It’s used outside the browser, for example as an efficient and flexible language for serverless computing.
To explore whether we could leverage WebAssembly to accelerate our internet app, we hunted for an tool which calculates QC metrics. We sought a tool written in C/C++/Rust that it was amenable to porting to WebAssembly.
After some research, we chose to go with seqtk, a commonly-used, open-source tool written in C which may help us assess the quality of sequencing information (and is more commonly used to manipulate those data files).
# About the command line
Although there are scores of command line tools available to generate such quality control accounts, the goal of fastq.bio would be to provide an interactive record of information quality without leaving the browser. This is useful for scientists that are uncomfortable using the command line.
With seqtk here's the architecture:
There is one improvement we looked into. Thus far, the way fastq.bio gets the metrics of interest would be by simply calling two distinct C functions, each of which calculates another set of metrics. Especially, 1 function returns information in the kind of a histogram (i.e. a listing of values which we bin into ranges), whereas another function returns information for a function of DNA sequence position. Unfortunately, this usually means that the chunk of file is read twice, which is unnecessary.
By literally commenting printf statements that weren't needed out -- this is an excellent improvement given how easy it was to achieve.
Once the metrics are calculated for that chunk of data, we plot the results with Plotly.js, and continue on to the next chunk from the file. The explanation for calculating the file is to enhance the consumer experience: processing the entire file at once would require too much time, because FASTQ documents are in the hundreds of gigabytes. We discovered a chunk size between 0.5 MB and 1 MB will make the program more seamless and would return info to the user more quickly, but this number will be different based on the facts of your application and how thick the computations are.

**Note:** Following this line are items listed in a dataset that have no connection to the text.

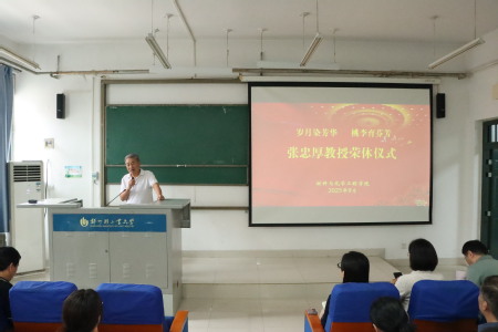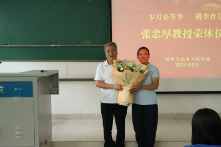 真人游戏 党委书记常亮对张忠厚老师数十年如一日的无私奉献致以衷心感谢,对张老师在真人游戏 教学、科研、社会服务等领域做出的突出贡献表示崇高敬意,衷心祝愿张老师退休生活丰富多彩、幸福安康。她提出,材化真人游戏 的发展离不开每一位教师的辛勤努力,希望全体教师以前辈为榜样,积极践行教育家精神,共同推进学校事业高质量发展。
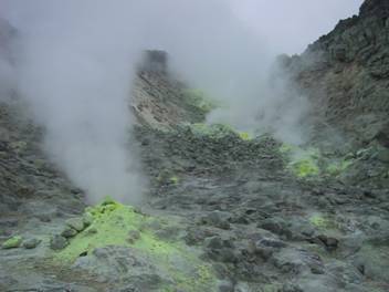 そこが硫黄山だった。まさに地獄のような風景。 霧の摩周湖。
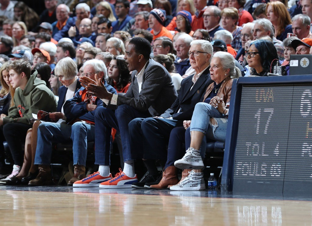 Former UVA head coach Terry Holland watches the Duke game with his wife, Ann, and his former three-time player of the year, Ralph Sampson (Photo: Matt Riley, UVA Athletics).
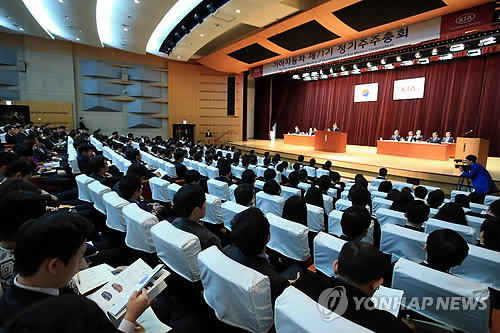 | △ 기아차 71기 정기 주주총회 개최 (서울=연합뉴스) 홍해인 기자 = 20일 오전 서울 양재동 기아자동차 사옥에서 기아자동차 제71기 정기 주주총회가 열리고 있다. |
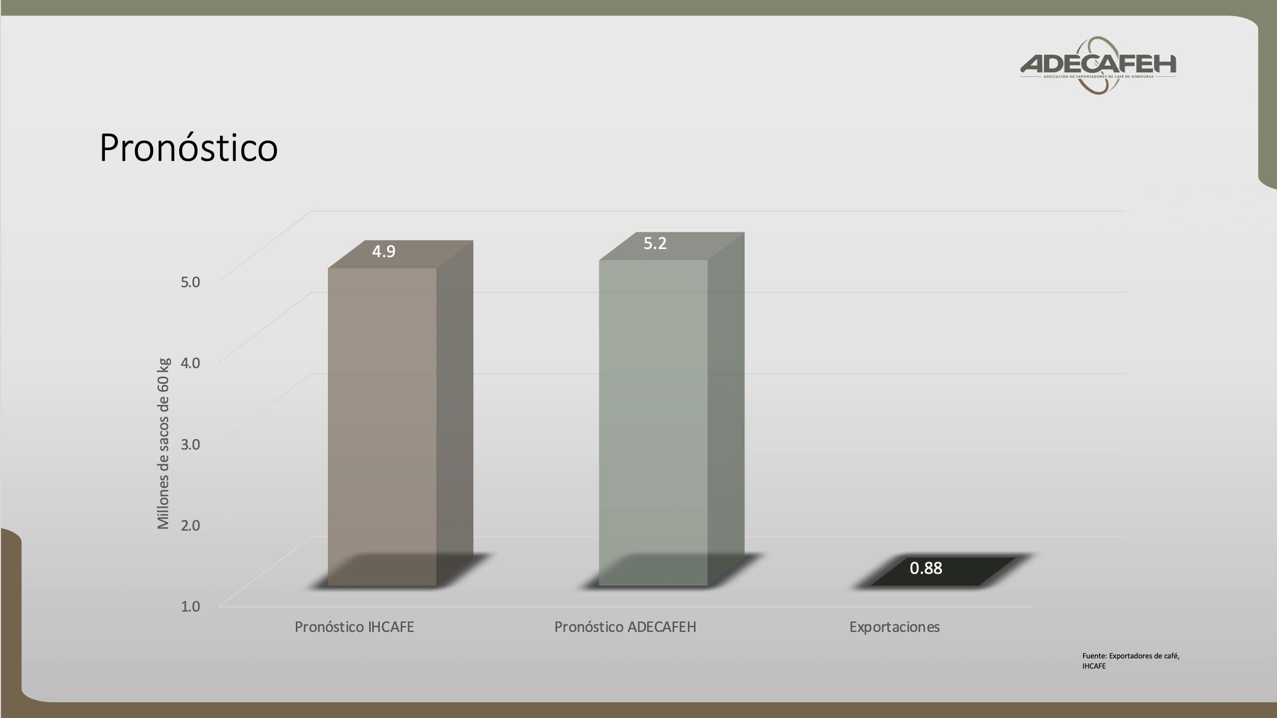 Nuestro pronóstico de exportaciones para la cosecha 2025/2026 es de de 5.2 millones de sacos (equivalentes a 6.7 millones de quintales), un incremento de 10% interanual. Al 16 de enero se han exportado 875 mil sacos.
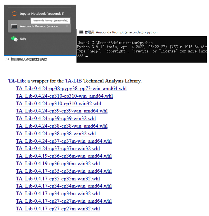 快捷键(ctrl+f)查找安装包TA-LIB,并根据自己的python版本和windows系统下载对应的TA-lib版本。cp310:python版本是3.10;win32指的是32位windows系统;win_amd64指的是系统是64为windows系统。
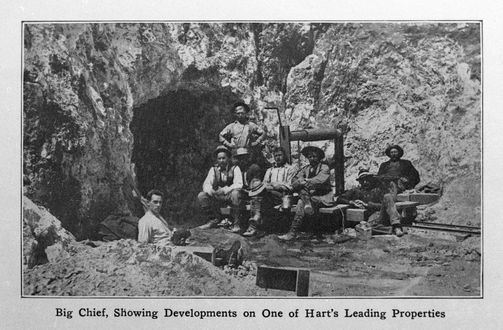 During the next few months, 700 people arrived and progress in all its varied forms followed. By the Spring of 1908, Hart was a bustling mining camp. Its population doubled and then some.
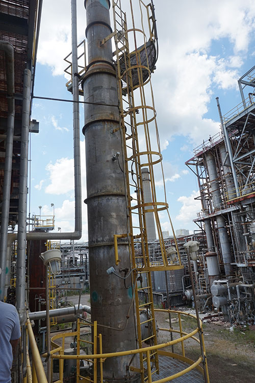 Process column with reboiler, 110 foot tall, 15 foot diameter.

The web app we'll work with is fastq.bio, an interactive web tool that provides scientists with a quick preview of the caliber of their DNA sequencing information; sequencing is the process where we browse the “letters” (i.e. nucleotides) at a DNA sample. Notice : This report delves into some advanced topics like compiling C code, but don't worry if you do not have experience with this; you will still be able to follow along and get a sense for what's possible with WebAssembly.
We will not enter the details of the calculations, but in brief, the plots above provide scientists a feeling for the sequencing went and are used to identify data quality problems at a 40, how well.